[DATA — start]

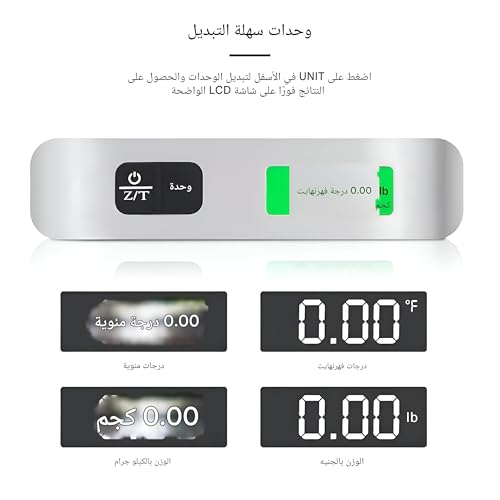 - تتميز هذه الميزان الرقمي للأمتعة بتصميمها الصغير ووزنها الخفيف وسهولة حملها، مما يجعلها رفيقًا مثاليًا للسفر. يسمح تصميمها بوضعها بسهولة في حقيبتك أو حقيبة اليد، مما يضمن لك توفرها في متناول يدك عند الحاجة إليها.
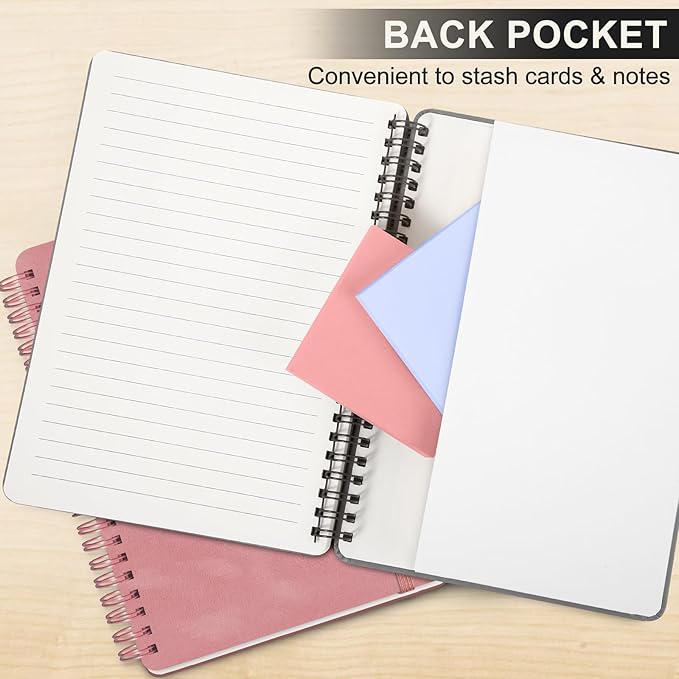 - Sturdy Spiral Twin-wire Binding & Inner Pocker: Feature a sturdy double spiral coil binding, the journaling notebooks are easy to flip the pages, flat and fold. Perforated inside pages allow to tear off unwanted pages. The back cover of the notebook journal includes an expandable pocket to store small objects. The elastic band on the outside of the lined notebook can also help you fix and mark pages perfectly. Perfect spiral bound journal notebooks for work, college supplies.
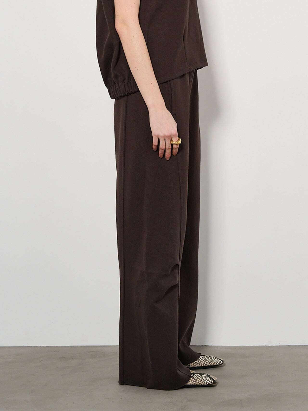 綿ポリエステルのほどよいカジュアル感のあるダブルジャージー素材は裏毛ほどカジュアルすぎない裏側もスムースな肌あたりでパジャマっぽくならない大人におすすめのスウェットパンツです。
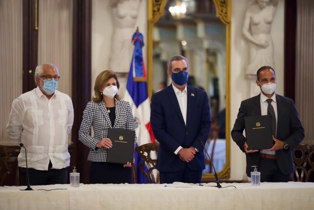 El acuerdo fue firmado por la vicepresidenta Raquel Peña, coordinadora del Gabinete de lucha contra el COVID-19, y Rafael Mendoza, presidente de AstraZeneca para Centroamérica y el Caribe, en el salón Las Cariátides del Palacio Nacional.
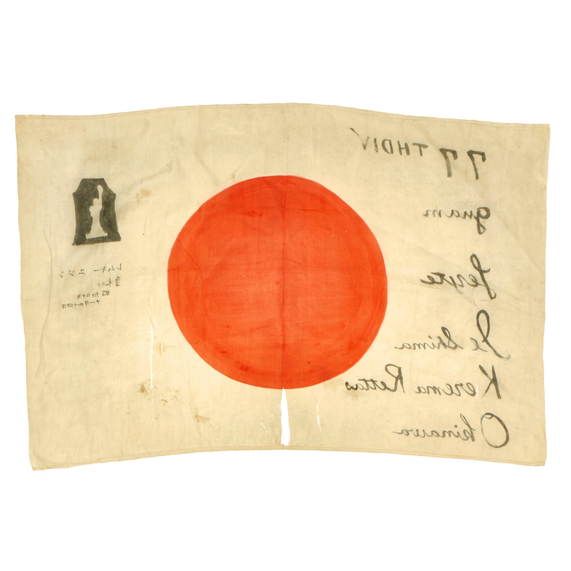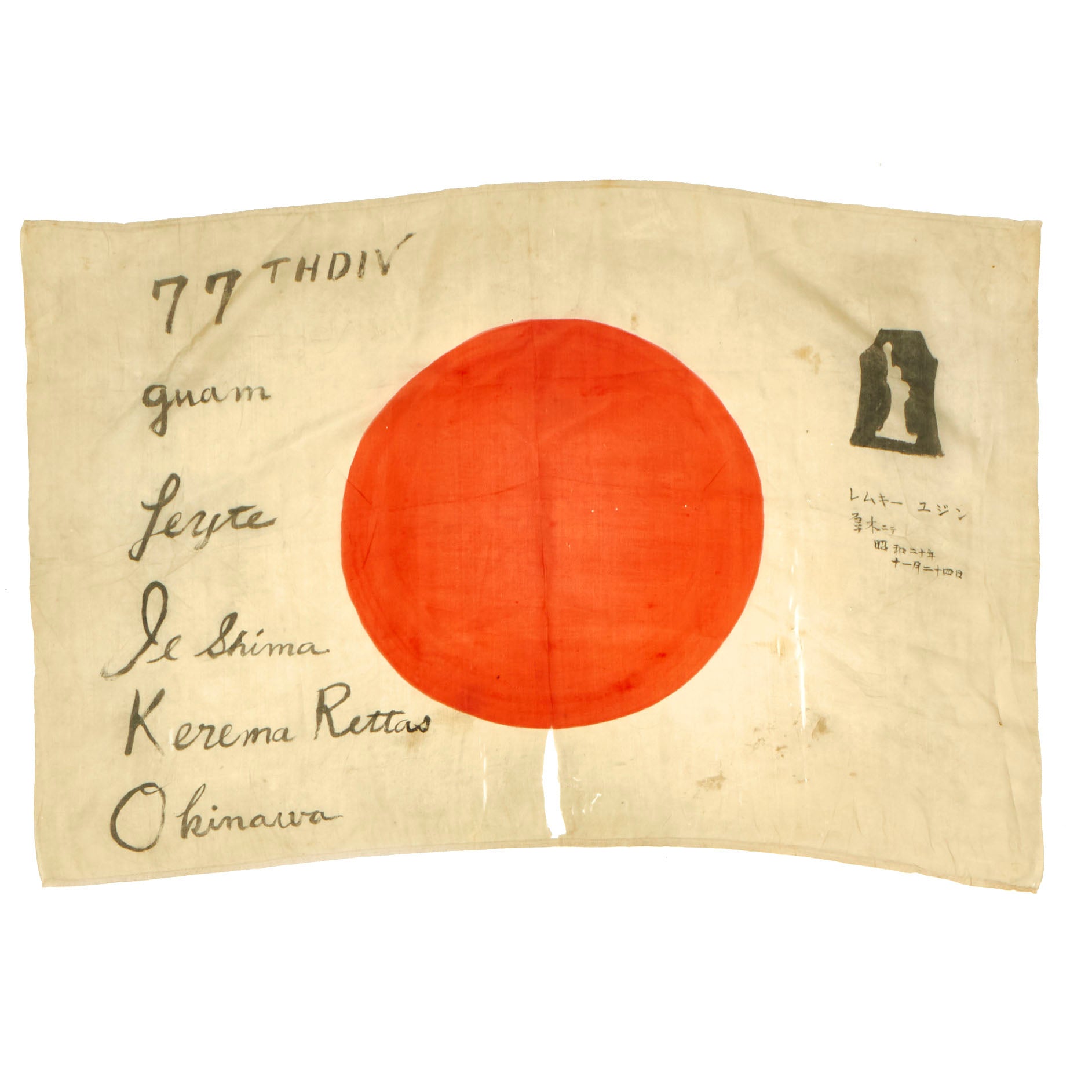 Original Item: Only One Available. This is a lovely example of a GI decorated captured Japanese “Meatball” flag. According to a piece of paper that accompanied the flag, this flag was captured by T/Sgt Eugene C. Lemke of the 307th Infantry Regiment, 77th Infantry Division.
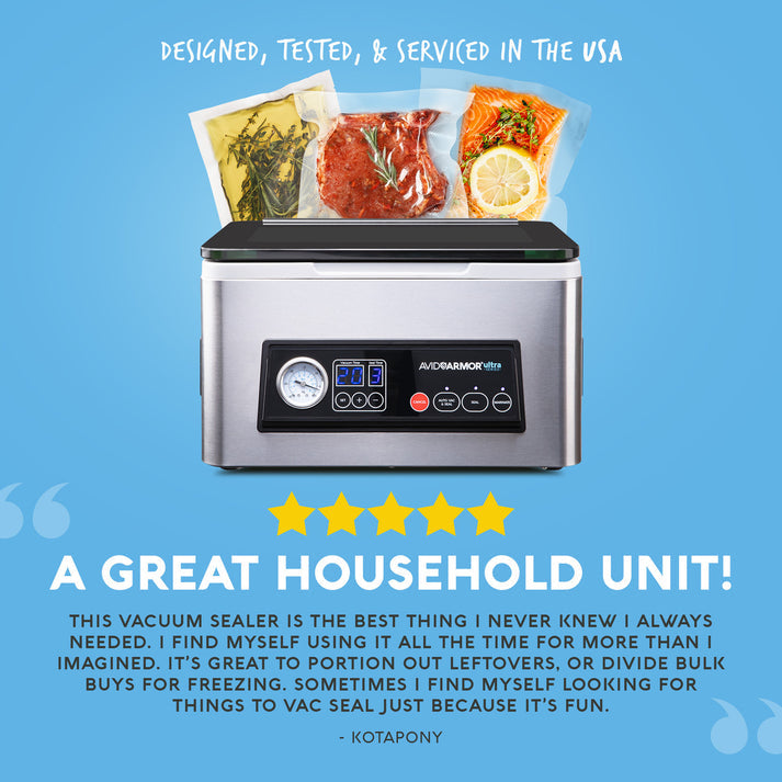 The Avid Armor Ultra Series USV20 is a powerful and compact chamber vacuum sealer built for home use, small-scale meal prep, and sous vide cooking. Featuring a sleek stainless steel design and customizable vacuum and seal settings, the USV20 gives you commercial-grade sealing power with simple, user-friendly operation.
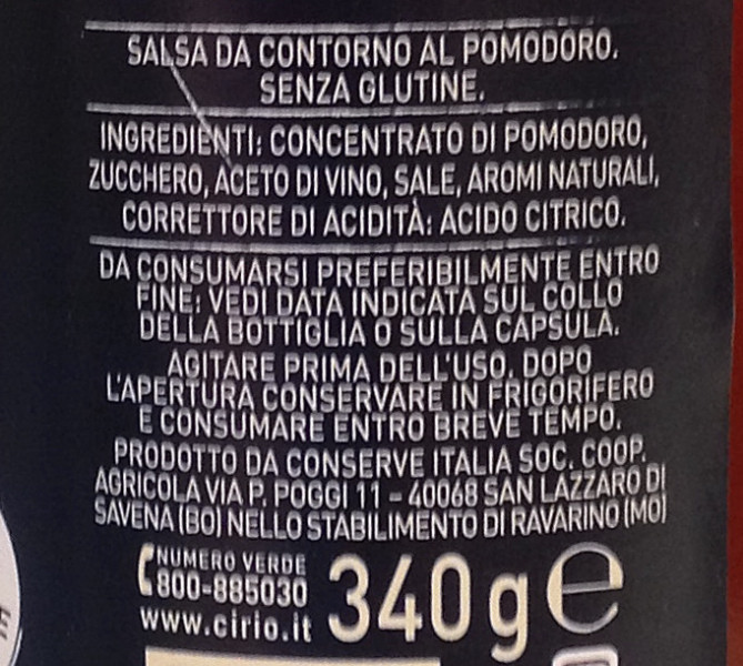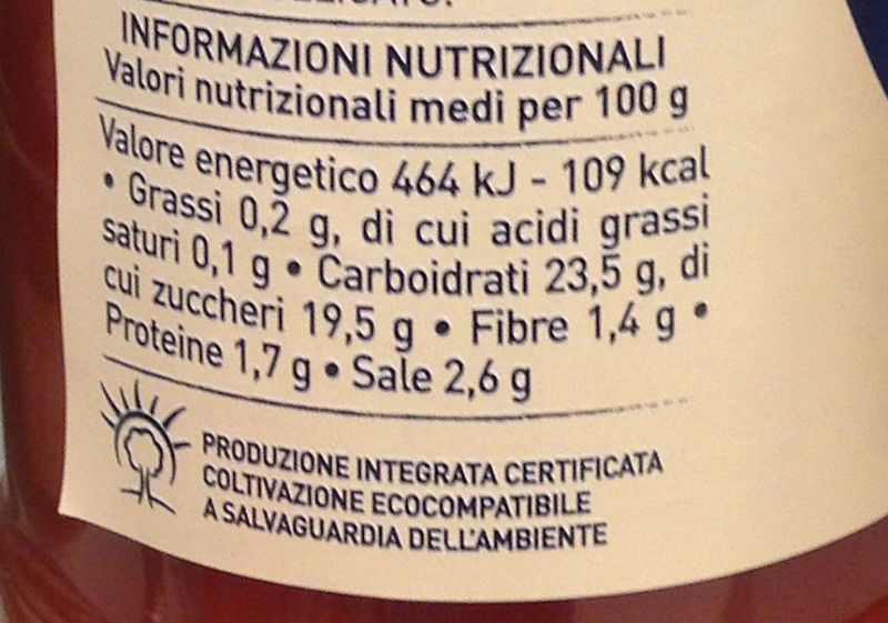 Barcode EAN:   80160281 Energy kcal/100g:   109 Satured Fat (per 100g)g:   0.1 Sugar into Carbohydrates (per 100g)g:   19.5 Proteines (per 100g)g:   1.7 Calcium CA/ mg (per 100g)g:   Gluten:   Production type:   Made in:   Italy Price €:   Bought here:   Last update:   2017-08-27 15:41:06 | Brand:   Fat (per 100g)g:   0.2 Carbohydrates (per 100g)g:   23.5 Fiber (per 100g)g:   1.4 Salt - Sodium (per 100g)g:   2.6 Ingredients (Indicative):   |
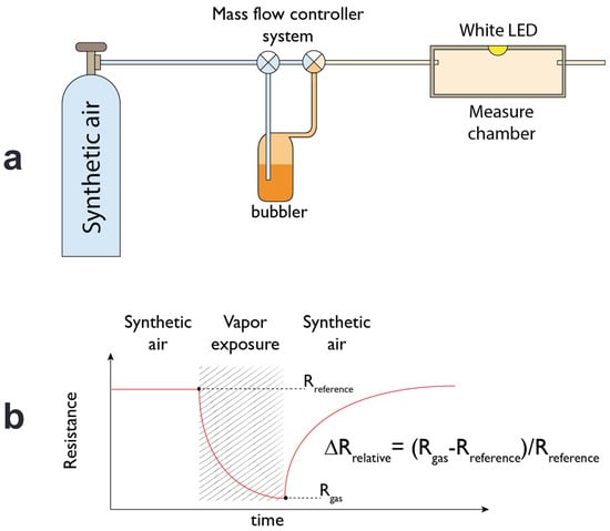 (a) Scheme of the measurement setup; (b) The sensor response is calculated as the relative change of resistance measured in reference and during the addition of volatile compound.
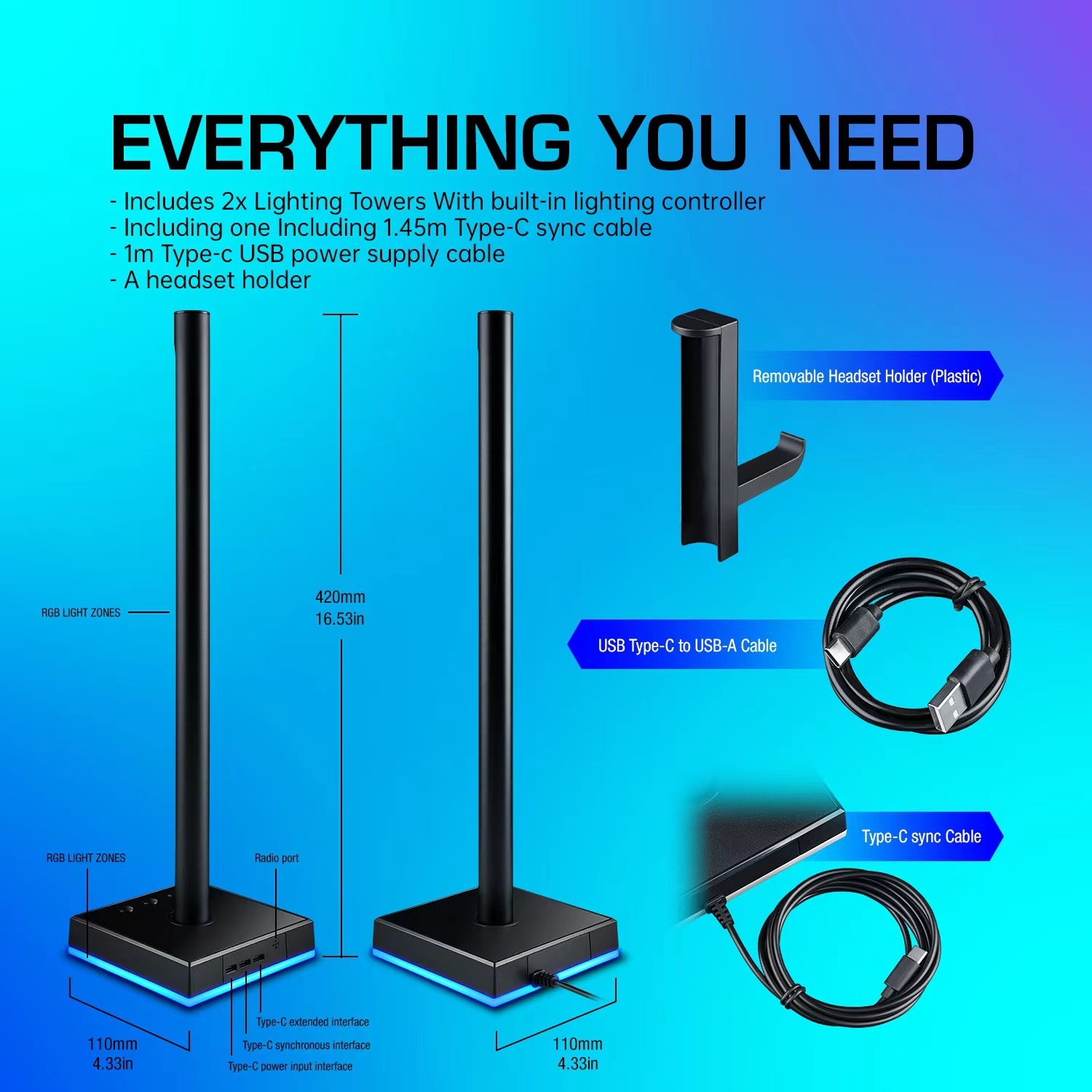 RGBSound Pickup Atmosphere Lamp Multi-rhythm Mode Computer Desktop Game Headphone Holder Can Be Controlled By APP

[DATA — finish]

__AIM OF THE EXERCISE__
Write out the data precisely as given, excluding the pictures.

__OUTPUT FOR THIS TASK__
 - تتميز هذه الميزان الرقمي للأمتعة بتصميمها الصغير ووزنها الخفيف وسهولة حملها، مما يجعلها رفيقًا مثاليًا للسفر. يسمح تصميمها بوضعها بسهولة في حقيبتك أو حقيبة اليد، مما يضمن لك توفرها في متناول يدك عند الحاجة إليها.
 - Sturdy Spiral Twin-wire Binding & Inner Pocker: Feature a sturdy double spiral coil binding, the journaling notebooks are easy to flip the pages, flat and fold. Perforated inside pages allow to tear off unwanted pages. The back cover of the notebook journal includes an expandable pocket to store small objects. The elastic band on the outside of the lined notebook can also help you fix and mark pages perfectly. Perfect spiral bound journal notebooks for work, college supplies.
 綿ポリエステルのほどよいカジュアル感のあるダブルジャージー素材は裏毛ほどカジュアルすぎない裏側もスムースな肌あたりでパジャマっぽくならない大人におすすめのスウェットパンツです。
 El acuerdo fue firmado por la vicepresidenta Raquel Peña, coordinadora del Gabinete de lucha contra el COVID-19, y Rafael Mendoza, presidente de AstraZeneca para Centroamérica y el Caribe, en el salón Las Cariátides del Palacio Nacional.
 Original Item: Only One Available. This is a lovely example of a GI decorated captured Japanese “Meatball” flag. According to a piece of paper that accompanied the flag, this flag was captured by T/Sgt Eugene C. Lemke of the 307th Infantry Regiment, 77th Infantry Division.
 The Avid Armor Ultra Series USV20 is a powerful and compact chamber vacuum sealer built for home use, small-scale meal prep, and sous vide cooking. Featuring a sleek stainless steel design and customizable vacuum and seal settings, the USV20 gives you commercial-grade sealing power with simple, user-friendly operation.
 Barcode EAN:   80160281 Energy kcal/100g:   109 Satured Fat (per 100g)g:   0.1 Sugar into Carbohydrates (per 100g)g:   19.5 Proteines (per 100g)g:   1.7 Calcium CA/ mg (per 100g)g:   Gluten:   Production type:   Made in:   Italy Price €:   Bought here:   Last update:   2017-08-27 15:41:06 | Brand:   Fat (per 100g)g:   0.2 Carbohydrates (per 100g)g:   23.5 Fiber (per 100g)g:   1.4 Salt - Sodium (per 100g)g:   2.6 Ingredients (Indicative):   |
 (a) Scheme of the measurement setup; (b) The sensor response is calculated as the relative change of resistance measured in reference and during the addition of volatile compound.
 RGBSound Pickup Atmosphere Lamp Multi-rhythm Mode Computer Desktop Game Headphone Holder Can Be Controlled By APP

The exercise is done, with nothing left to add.